On 12/11/2019 3:55 pm, Peter Geis wrote:
> On Mon, Nov 11, 2019 at 9:29 PM Bjorn Helgaas <helgaas@kernel.org> wrote:
>>
>> On Mon, Nov 11, 2019 at 07:30:15PM -0500, Peter Geis wrote:
>>> On Mon, Nov 11, 2019 at 7:13 PM Bjorn Helgaas <helgaas@kernel.org> wrote:
>>>> On Mon, Nov 04, 2019 at 01:55:40PM -0500, Peter Geis wrote:
>>>>> Good Morning,
>>>>>
>>>>> I'm attempting to debug an issue with the rockpro64 pcie port.
>>>>> It would appear that the port does not like various cards, including
>>>>> cards of the same make that randomly work or do not work, such as
>>>>> Intel i340 based NICs.
>>>>> I'm experiencing it with a GTX645 gpu.
>>>>>
>>>>> This seems to be a long running issue, referenced both at [0], and [1].

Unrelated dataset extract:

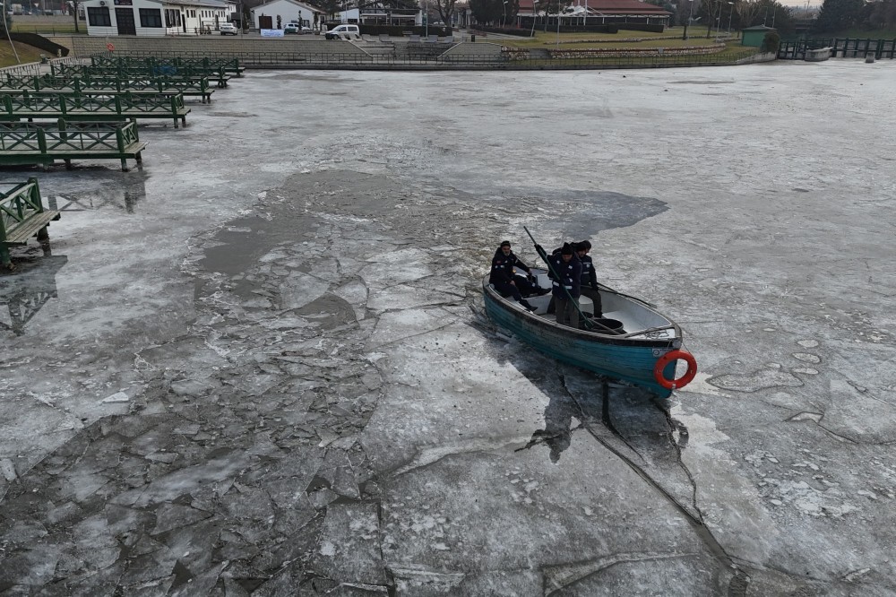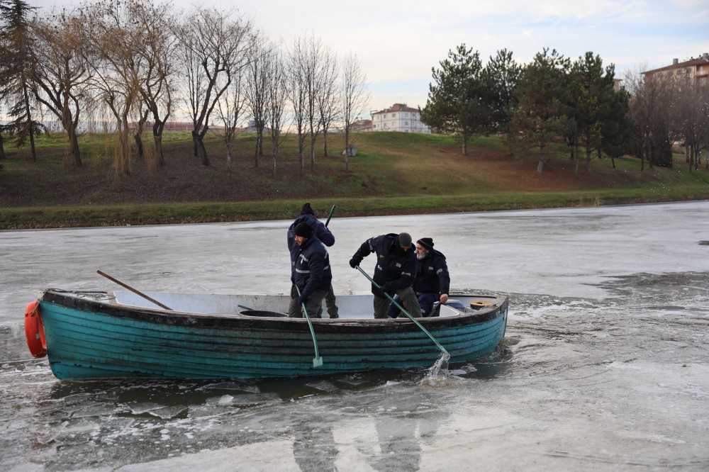 Buz tabakasının kalınlığının her noktada aynı olmadığını ve kolayca kırılabileceğini belirten belediye ekipleri, olası kazaların önüne geçmek için kollarını sıvadı. Porsuk Çayı ve yapay göletlerde buz kırma işlemleri aralıksız sürdürülüyor.

>>>>> There was an attempt to rectify it, by adding a delay between training
>>>>> and probing [2], but that doesn't seem to be the issue here.
>>>>> It appears that when we probe further into the card, such as devfn >
>>>>> 1, we trigger the bug.
>>>>> I've added a print statement that prints the devfn, address, and size
>>>>> information, which you can see below.
>>>>>
>>>>> I've attempted setting the available number of lanes to 1 as well, to
>>>>> no difference.
>>>>>
>>>>> If anyone could point me in the right direction as to where to
>>>>> continue debugging, I'd greatly appreciate it.
>>>>>
>>>>> [0] https://github.com/ayufan-rock64/linux-build/issues/254
>>>>> [1] https://github.com/rockchip-linux/kernel/issues/116
>>>>> [2] https://github.com/ayufan-rock64/linux-kernel/commit/3cde5c624c9c39aa03251a55c2d26a48b5bdca5b
>>>>>
>>>>> [  198.491458] rockchip-pcie f8000000.pcie: missing legacy phy; search
>>>>> for per-lane PHY
>>>>> [  198.492986] rockchip-pcie f8000000.pcie: no vpcie1v8 regulator found
>>>>> [  198.493060] rockchip-pcie f8000000.pcie: no vpcie0v9 regulator found
>>>>> [  198.550444] rockchip-pcie f8000000.pcie: current link width is x1
>>>>> [  198.550458] rockchip-pcie f8000000.pcie: idling lane 1
>>>>> [  198.550479] rockchip-pcie f8000000.pcie: idling lane 2
>>>>> [  198.550490] rockchip-pcie f8000000.pcie: idling lane 3
>>>>> [  198.550608] rockchip-pcie f8000000.pcie: host bridge /pcie@f8000000 ranges:
>>>>> [  198.550625] rockchip-pcie f8000000.pcie: Parsing ranges property...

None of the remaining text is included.